By: Hillary Nussbaum
November 16, 2023

Getting Buy Infor DORA

EverQuote prides itself on having a data-driven culture. But even with this organization-wide commitment, its engineering team initially struggled to embrace metrics that would help them understand and improve performance. Many leaders would give up after a failed attempt, but Virginia Toombs, VP of Engineering Operations, took a step back to understand what went wrong so they could try again — and succeed.

Along the way, the EverQuote team learned what to avoid when implementing engineering metrics and how to successfully roll them out. For them, it was all about empowering team members, collecting actionable data in the right platform, and correlating metrics for a more holistic view of what was happening across the organization.

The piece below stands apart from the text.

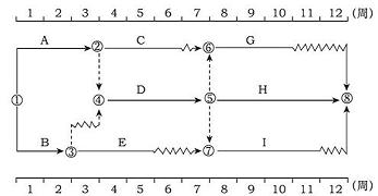 【答案解析】 本题考查的是时标网络计划中时间参数的判定。工作的总时差:(1)以终点节点为完成节点的工作,其总时差应等于计划工期与本工作最早完成时间之差;(2)其他工作的总时差等于其紧后工作的总时差加本工作与该紧后工作之间的时间间隔所得之和的最小值。据此计算,工作I的总时差为1周,工作H的总时差为0周,工作G的总时差为2周,工作D的总时差为min{1,0,2}=0(周),工作E的总时差为2+1=3(周),则工作B的总时差为min{1+0,0+3}=1(周)。参见教材P63。

Lessons Learned About Measuring Engineering Productivity

When EverQuote decided to measure engineering productivity a few years ago, it started by purchasing a tool, like many organizations commonly do. But it encountered problems as it hadn’t considered what to measure or how to leverage those insights to improve performance. Because EverQuote didn’t know which engineering metrics best suited its unique team and processes, it ended up with a tool that didn’t have mature throughput or flow metrics — two things it would learn were core to its success. The result? Virginia and her team saw detailed engineering metrics but lacked a comprehensive view of the organization’s performance.

This issue caused a domino effect. Measuring only granular metrics made team members feel that individual performance was being judged, rather than the process itself, and enthusiasm for the program came to a halt. That’s when the engineering operations team decided to rethink the approach and start from scratch.

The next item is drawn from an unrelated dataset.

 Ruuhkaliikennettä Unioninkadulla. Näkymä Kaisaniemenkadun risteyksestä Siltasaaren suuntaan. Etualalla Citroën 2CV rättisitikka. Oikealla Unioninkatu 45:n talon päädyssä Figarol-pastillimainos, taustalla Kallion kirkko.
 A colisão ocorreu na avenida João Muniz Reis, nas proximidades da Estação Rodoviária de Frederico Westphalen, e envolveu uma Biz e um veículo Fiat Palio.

Using Metrics to Improve Developer Experience

EverQuote’s engineering operations team is a central function within engineering whose main goal is to create an environment where engineers can thrive. This team optimizes processes, encourages collaboration, and coaches on agile techniques. For them, it’s essential to understand how engineering processes are performing so they can make data-driven decisions to improve. This team made two important decisions when rolling out engineering metrics for the second time.

First, they took the time to understand which engineering metrics applied to their organization. Rather than starting with granular metrics, they decided to lead with the big picture, adopting the four original DORA metrics: Deployment Frequency (DF), Mean Lead Time for Changes (MLTC), Mean Time to Recover (MTTR), and Change Failure Rate (CFR). From these high-level metrics, they would still be able to identify bottlenecks or issues and drill down into more granular metrics as needed.

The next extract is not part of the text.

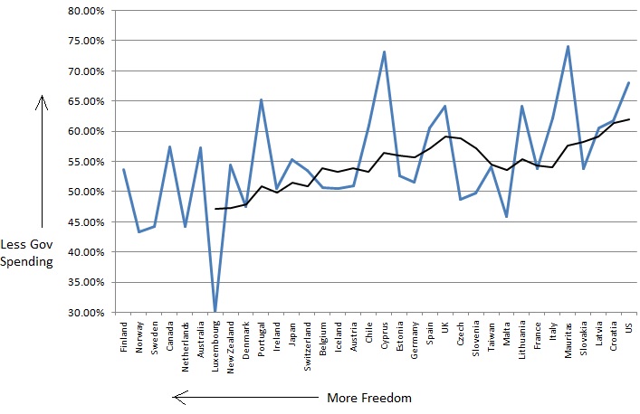 Good point! That’s true, but in this case socialism is a function of government spending and not the extent to which the people have control over the government. I can’t think of a way to quantify democracy. Can you? I’ll be more than happy to research it if you can.

To support DORA, and to provide visibility into its corresponding metrics, EverQuote adopted Code Climate Velocity. With the Velocity Software Engineering Intelligence platform, they could identify organizational trends, look at data by teams or applications, and dig into specific DORA metrics. For example, if they see that MLTC is high, they can click into it to see exactly where the holdup is — maybe a long Time to Open or Time to First Review is preventing the PRs from getting to production as expected. Starting at a high level helps them understand their systems holistically, and then they can drill down as needed, which is more efficient and saves team members from metric fatigue.

Second, they empowered teams to own their metrics by educating them in how to read and interpret the data, and creating processes to discuss performance at the end of a sprint. They held these conversations as a team, not during one-on-ones, and focused on how they could better collaborate to improve as a unit. This strategy exemplifies one of EverQuote’s core principles: If you work as a team, you succeed as a team.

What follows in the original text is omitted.